─── DATA SECTION ───

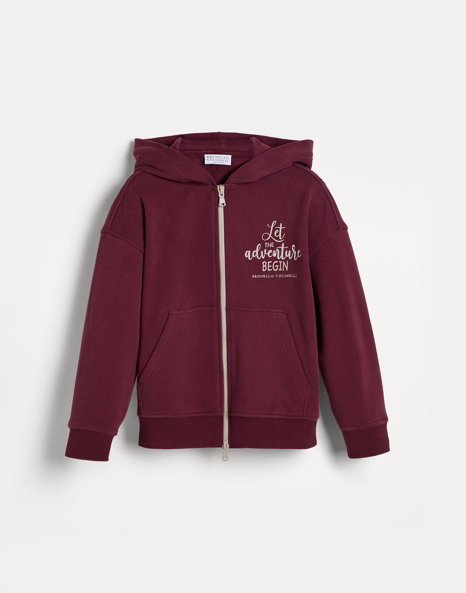 Topwear in felpa Smooth di cotone con zip, ricamo e cappuccio
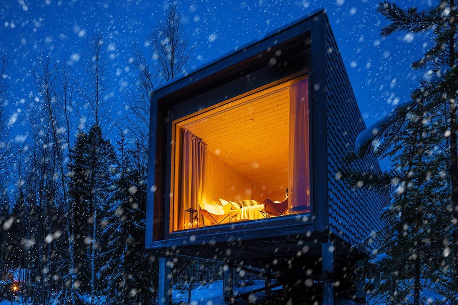 Bearing a close resemblance to a nest in the middle of a forest, this hotel offers a bird’s eye view of the Arctic landscape and boasts of modern Scandinavian design rooms.
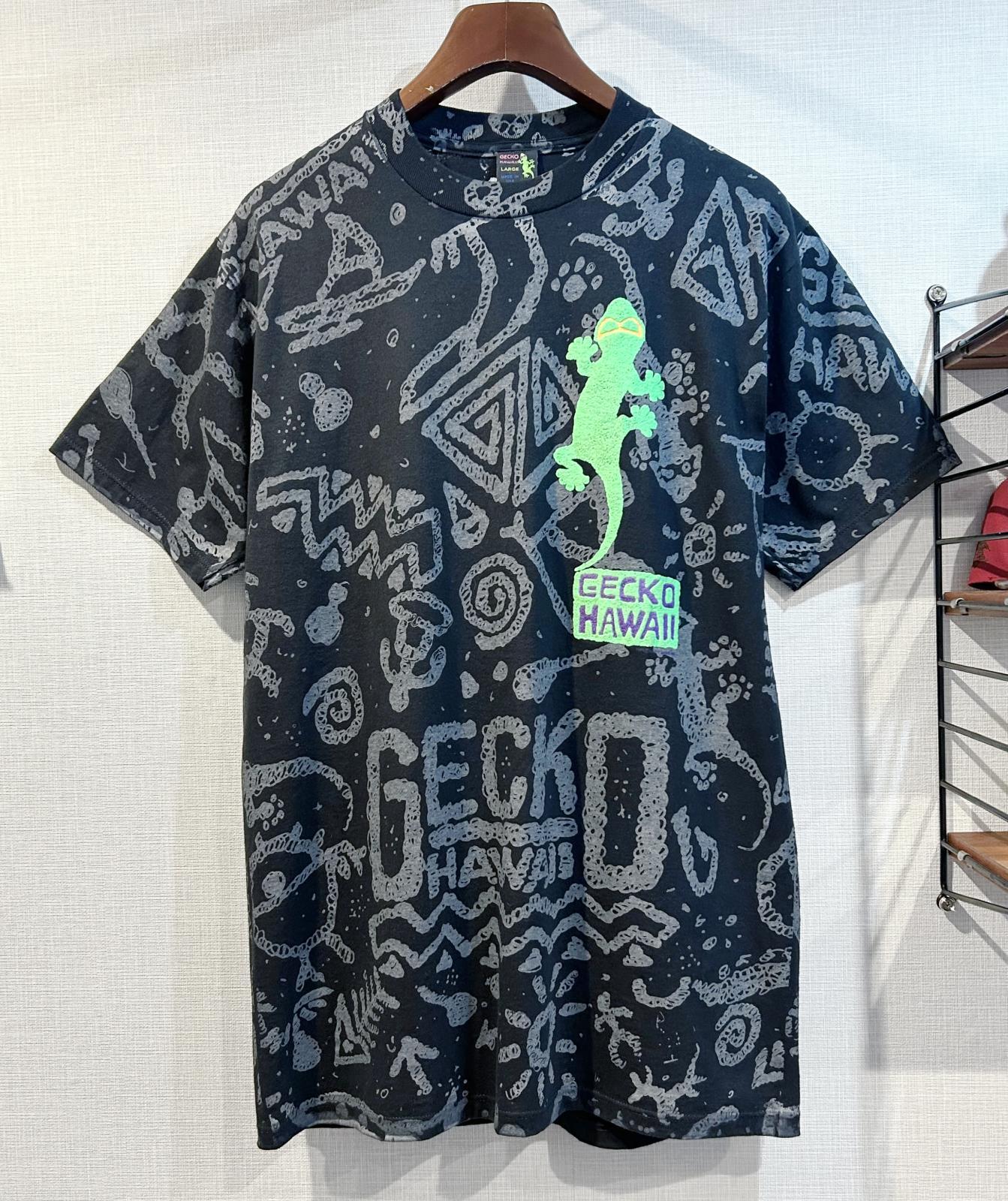 【デッドストック】【USA製】【GECKO】ゲッコー【HAWAII】【ヤモリ】総柄 黒【Tシャツ】【サイズL】

───

WORK ORDER — Nothing but the pictures may be dropped as you repeat the listing above exactly.

PROBLEM SOLUTION —
 Topwear in felpa Smooth di cotone con zip, ricamo e cappuccio
 Bearing a close resemblance to a nest in the middle of a forest, this hotel offers a bird’s eye view of the Arctic landscape and boasts of modern Scandinavian design rooms.
 【デッドストック】【USA製】【GECKO】ゲッコー【HAWAII】【ヤモリ】総柄 黒【Tシャツ】【サイズL】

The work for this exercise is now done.